▸ Work to be completed:
Copy, word for word, the line containing "de jìn tóu |" and each line that follows it in the entries below; pictures do not belong in the copy.

Data excerpts
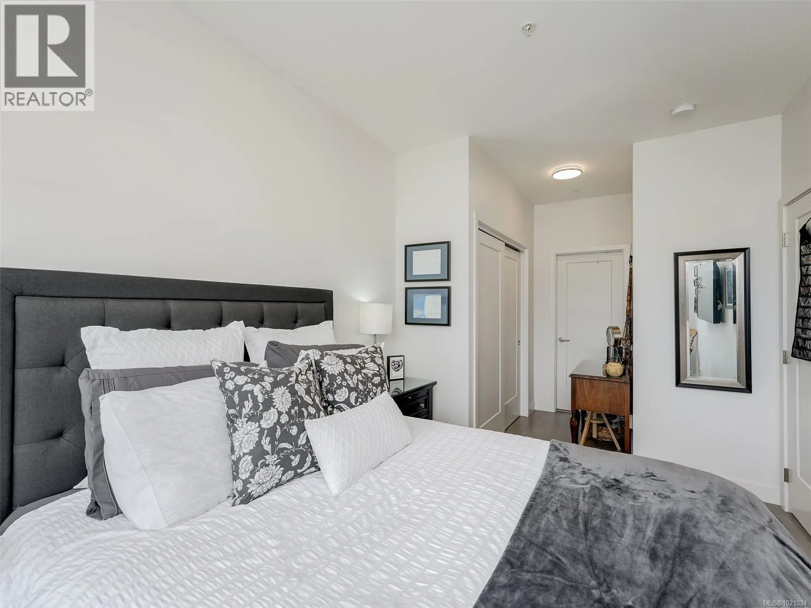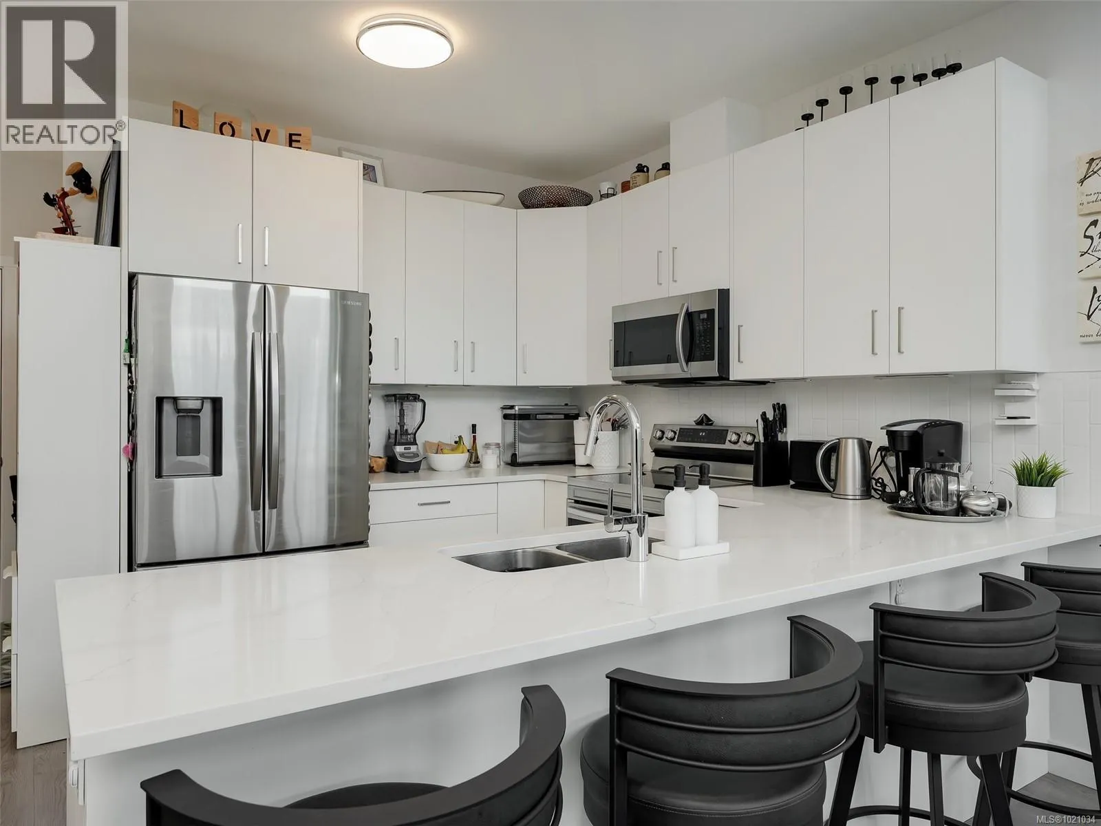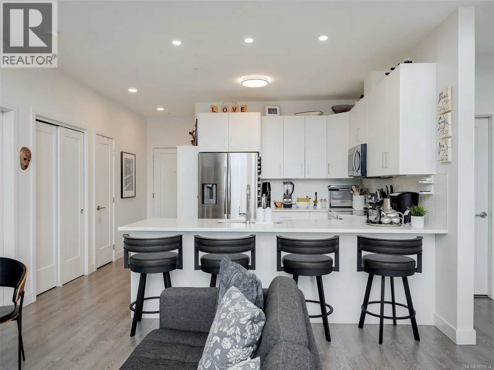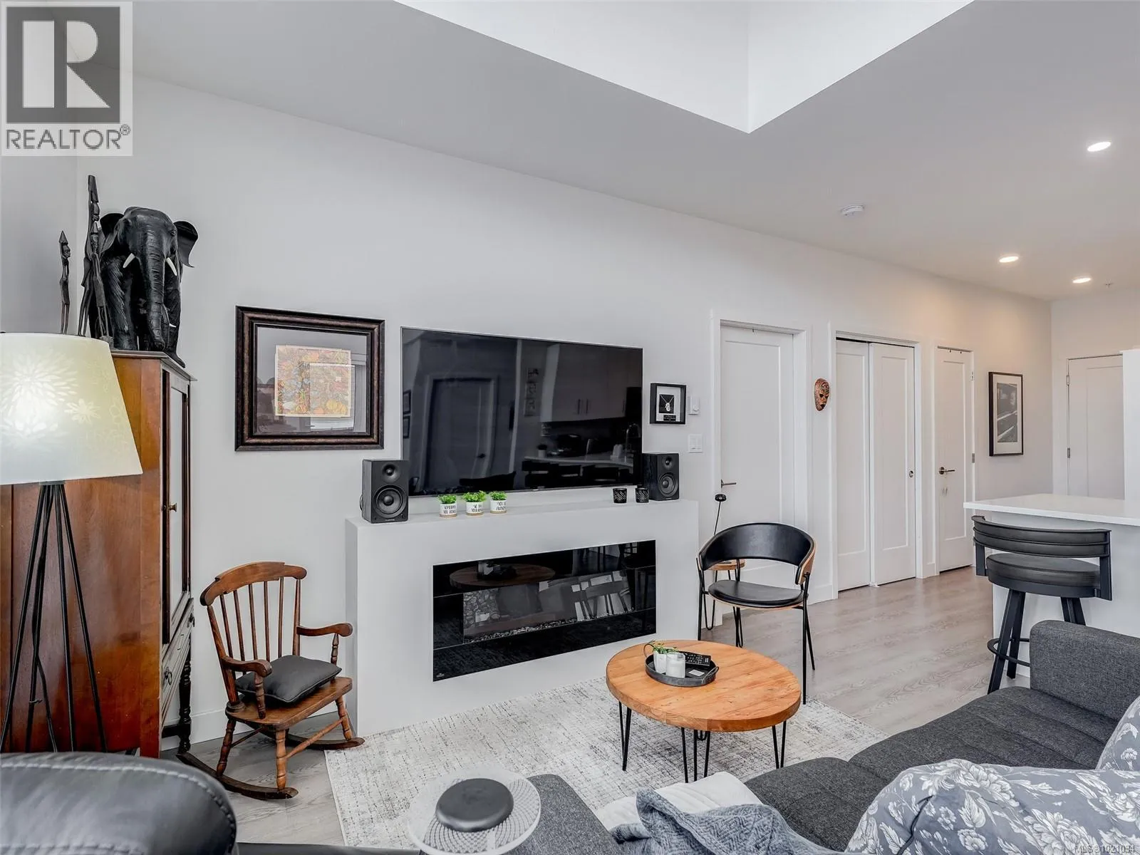 Welcome to 707 Treanor Ave: a contemporary boutique 2 bed/2 bath home situated in the heart of Millstream Village. Here you have the advantage of easy access to premium outlet shopping, big box stores, high-end grocery stores and nearby culinary delights. This quality 2021 built condominium features pet-friendly accommodations and entertainment at your doorstep. The design is by award winning Spaciz Design Company which showcases neutral cream tones mixed with matte charcoal accents. The top floor interior features include impressive vaulted ceilings, quartz countertops, a porcelain backsplash, hard surface flooring, top-of-the-line appliances, and heated ensuite floors. The numerous owner updates comprise closet and cupboard organizers, additional smart lighting, and a gorgeous custom built electric fireplace with heating options for year-round comfort. Enjoy watching the sunsets from your oversized corner balcony with plenty of room for a grill. Donât delay in making this your dream home! All measurements are approximate and must be verified if relying upon. (id:27476)
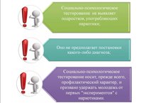 СПТ не выявляет подростков, употребляющих наркотики. Оно не предполагает постановки какого-либо диагноза Вашему ребенку. Задача тестирования – выявить у детей личностные (поведенческие, психологические) особенности, которые при определенных обстоятельствах могут стать (или уже стали) значимыми факторами риска употребления ПАВ.
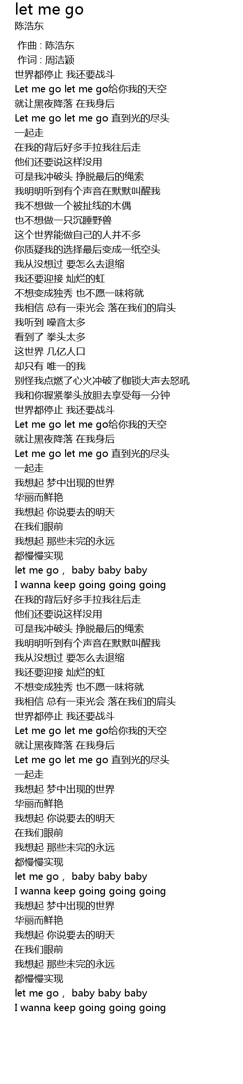 | [01:45.730] | Let me go let me go zhí dào guāng de jìn tóu |
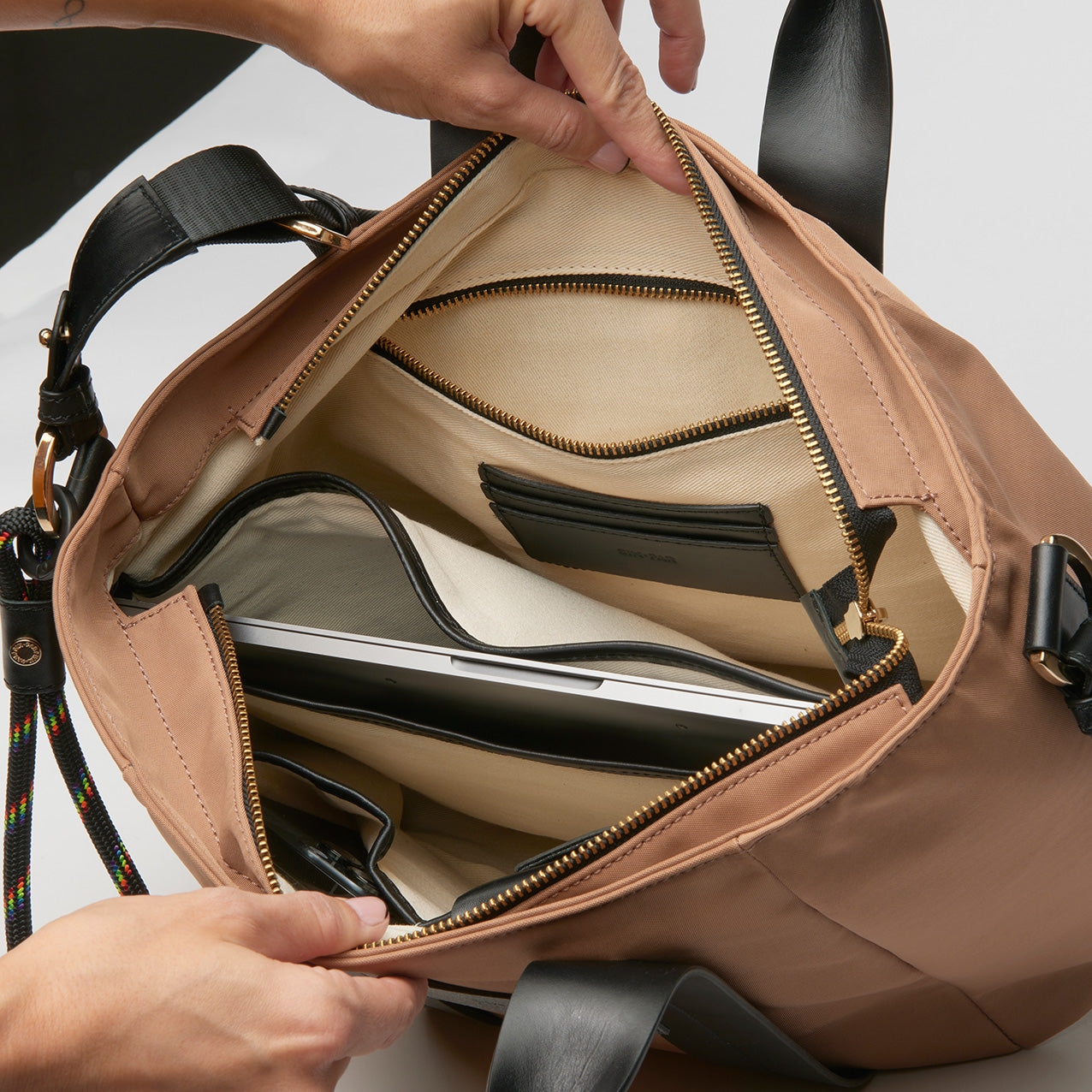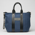 Recycled nylon tote bag with a zip fastening, an external magnetic pocket and a padded compartment for a 13” laptop. Multiple internal compartments, premium eco-leather handles and a removable nautical charm. 100% handcrafted in Spain.
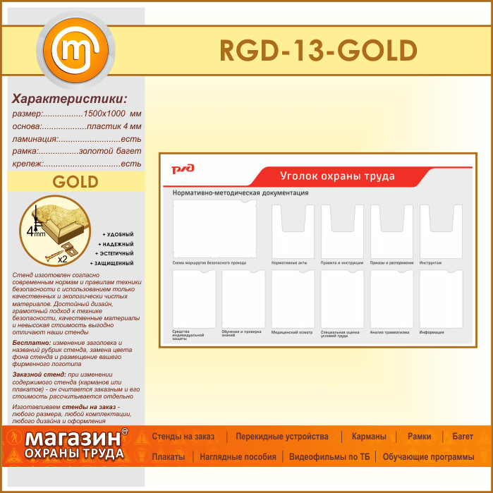 Стенд «Уголок охраны труда» с 1 плоским карманом А3 формата, 6 плоскими и 4 объемными карманами А4 формата (RGD-13-GOLD)
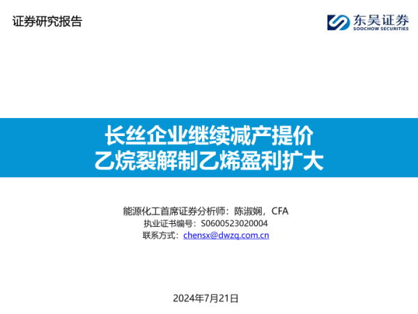 【东吴证券】【20240721】能源化工行业:长丝企业继续减产提价,乙烷裂解制乙烯盈利扩大-46页 行业研究
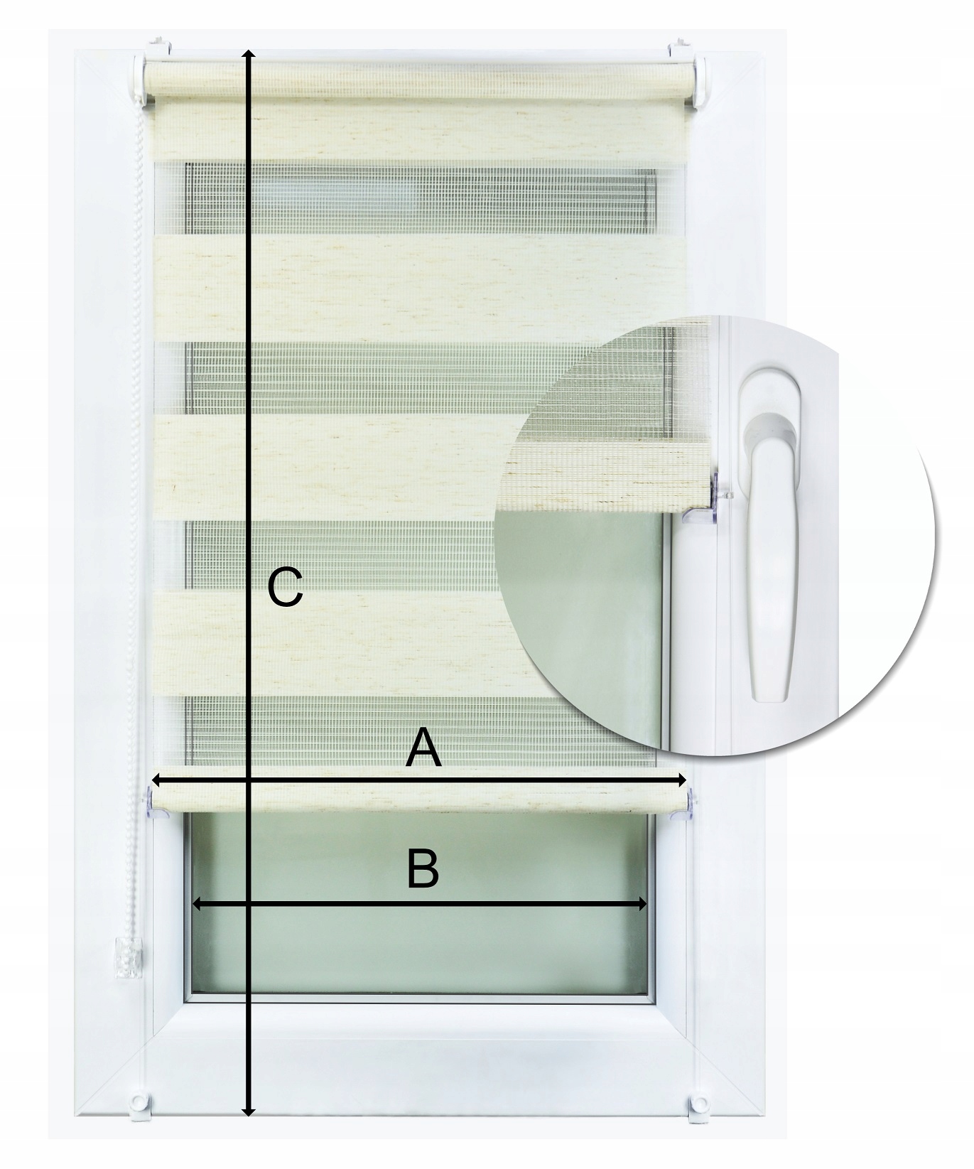 Измерьте ширину стекла (B) и прибавьте от 4 до 6 см, таким образом вы получит ширину слепых (A). Помните, что рулонная штора должна быть немного шире стекла, но не закрывать ручку. Рекомендуемое минимальное расстояние ткани от ручки — 0,5 см.

▸ Answer for this exercise:
 | [01:45.730] | Let me go let me go zhí dào guāng de jìn tóu |
 Recycled nylon tote bag with a zip fastening, an external magnetic pocket and a padded compartment for a 13” laptop. Multiple internal compartments, premium eco-leather handles and a removable nautical charm. 100% handcrafted in Spain.
 Стенд «Уголок охраны труда» с 1 плоским карманом А3 формата, 6 плоскими и 4 объемными карманами А4 формата (RGD-13-GOLD)
 【东吴证券】【20240721】能源化工行业:长丝企业继续减产提价,乙烷裂解制乙烯盈利扩大-46页 行业研究
 Измерьте ширину стекла (B) и прибавьте от 4 до 6 см, таким образом вы получит ширину слепых (A). Помните, что рулонная штора должна быть немного шире стекла, но не закрывать ручку. Рекомендуемое минимальное расстояние ткани от ручки — 0,5 см.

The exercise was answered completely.